Prediction of heterosis in rice breeding is of great meaning for breeders. How to make it come true with a high efficiency and veracity is of their concerns. Many methodologies were attempted but no one was ideal. Scientists used the heterozygosity of positive molecular loci to predict heterosis. Zhang et al. (1994)pointed out that PLs presented strong correlations to yield and yield related traits, among which the heterozygous PLs were strongly correlated to mid-heterosis for yield and other traits. Zha et al. (2008) screened ILs and DLs from PLs in two sets of diallel crosses indicating that the GDs based on ILs were significantly correlated to the performances of F1s for most of traits with an average correlation of 0.76. The correlations were stable over different environments except GWP. He et al. (2002) reported that ILs could used to predict the heterosis for yield and yield related traits. Although the correlation coefficients between DLs or ILs and the values of phenotypic (SCAs or heterosis) were statistically significant, the magnitude was low, so the DLs or ILs could not be directly used for heterosis prediction. But when stable DLs and ILs can be revealed from different sets of diallel crosses under different environments, they may be useful in prediction for breeding.

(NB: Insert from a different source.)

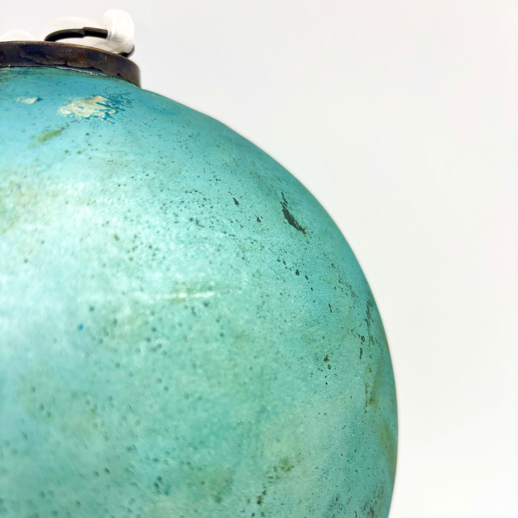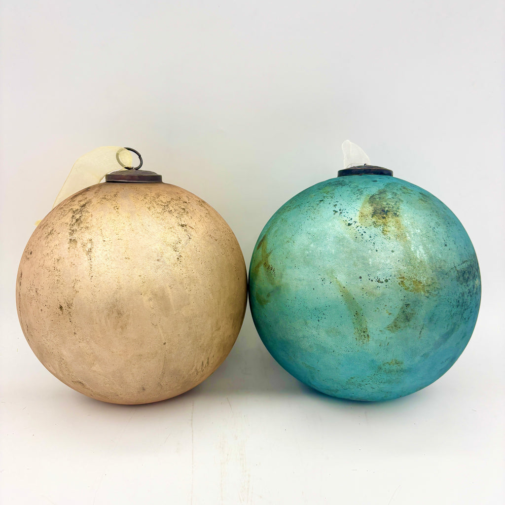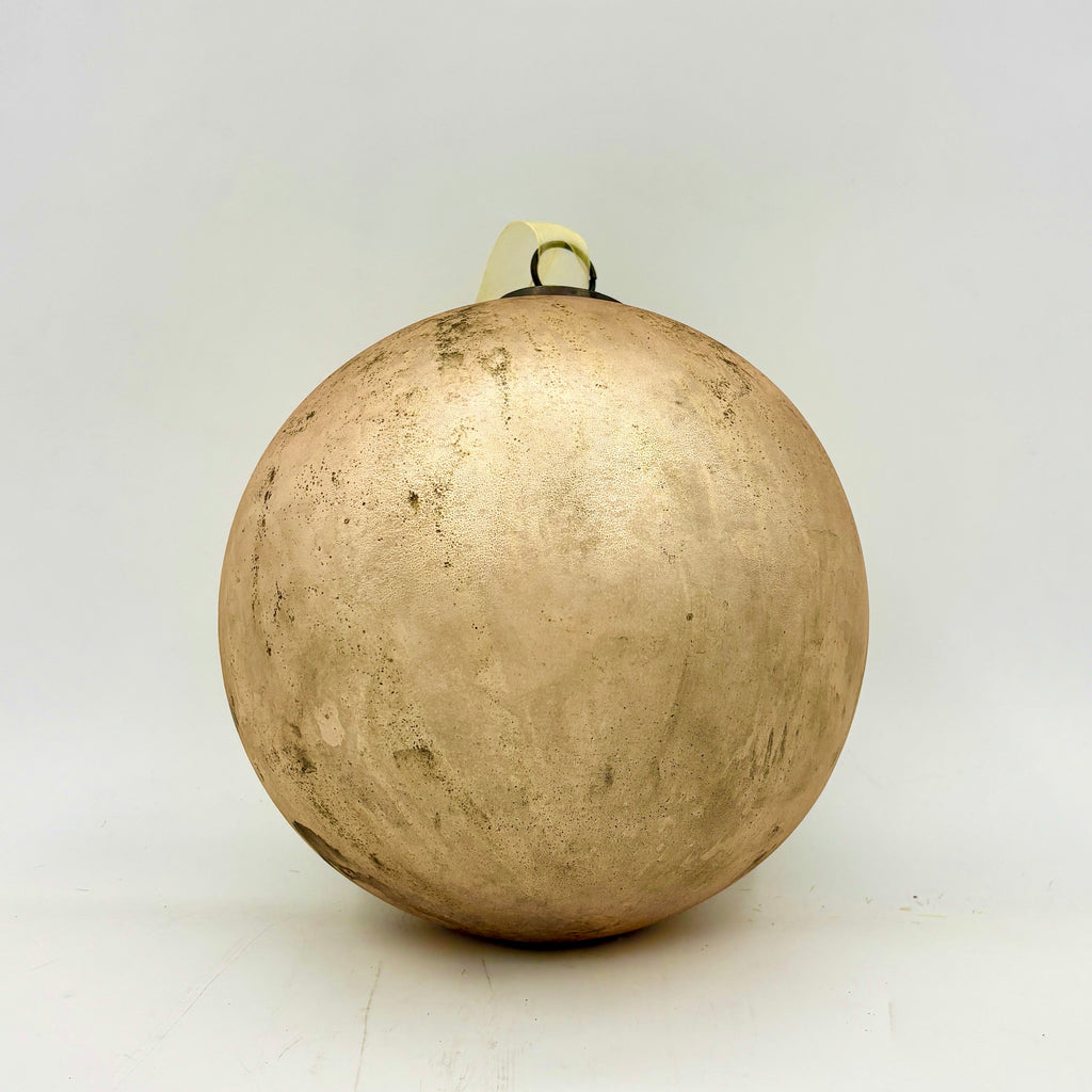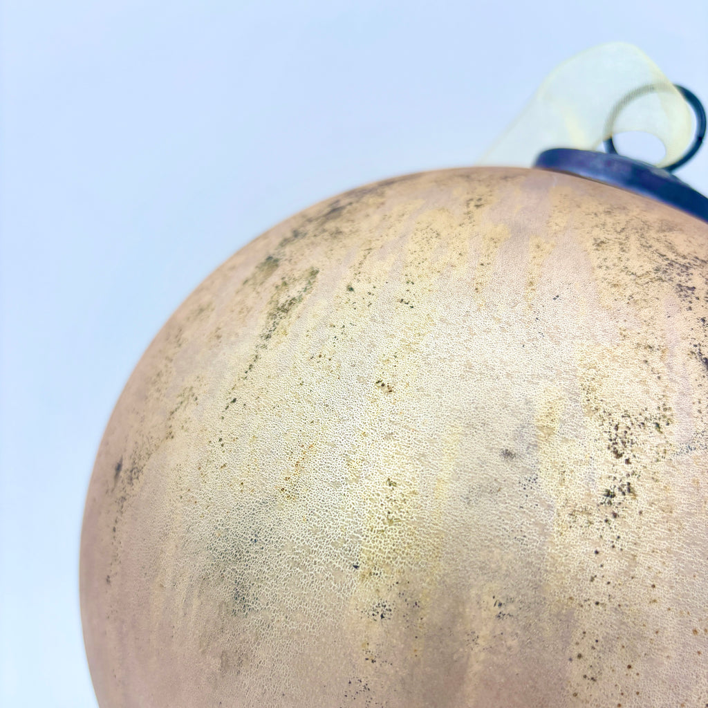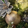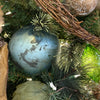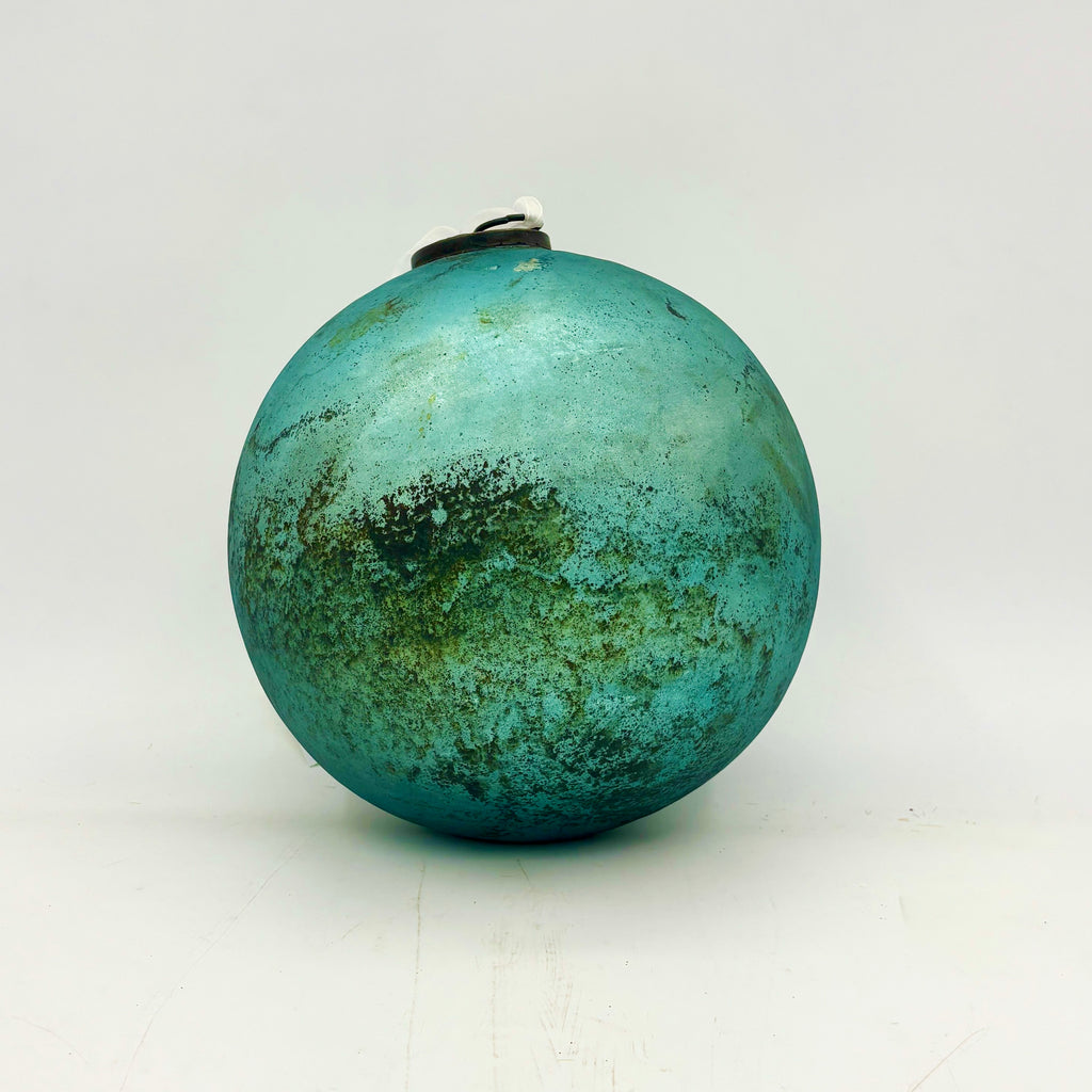 This 8" Antique Rustic Ball Ornament features a weathered, vintage-inspired finish in muted green or brown with rich bronze and black patina accents. The aged texture and distressed detailing give it an old-world charm, while the metal cap and sheer ribbon hanger add a touch of elegance. Ideal for creating a refined, timeworn aesthetic in holiday trees, mantels, or decorative bowls. Each ornament sold separately.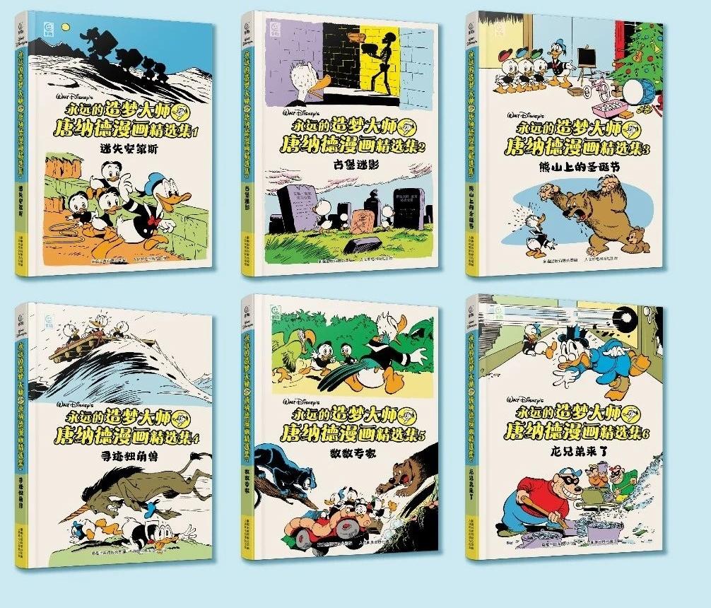 《永远的造梦大师:唐纳德漫画精选集》汇集了这位漫画大师的经典作品,也是唐老鸭形象诞生90周年的中文简体全彩纪念版。一共有六册,分别是:《迷失安第斯》《古堡迷影》《熊山上的圣诞节》《寻迹独角兽》《数数专家》《庀兄弟来了》。

In the present research we found that ILs and DLs were significantly correlated to heterosis except for a few traits. And the frequencies of ILs for yield and yield related traits screened from all the loci were calculated. ILP marker RI00297 had 9 ILs detected in the diallel crosses, RM149 had 6 ILs, RM514, RM276, RM252, RM232 and RM216 had 5. The ILs with high frequencies detected from SSR marker were reported to be as QTLs for yield and yield components, such as RM149 and RM216 (Cho et al. 1991; Jiang et al. 2004), RM232 (Xiao et al. 1998), RM252(Xu et al. 2001), RM276 (Temnykh et al. 2000), RM514 (Moncada et al. 2001) and RM213 (Brondani et al. 2002). According this research, the ILs could be used for the further study on prediction of heterosis for yield and yield related traits; GSCA may be another considerable parameter combined with ILs for breeders in selecting elite hybrid.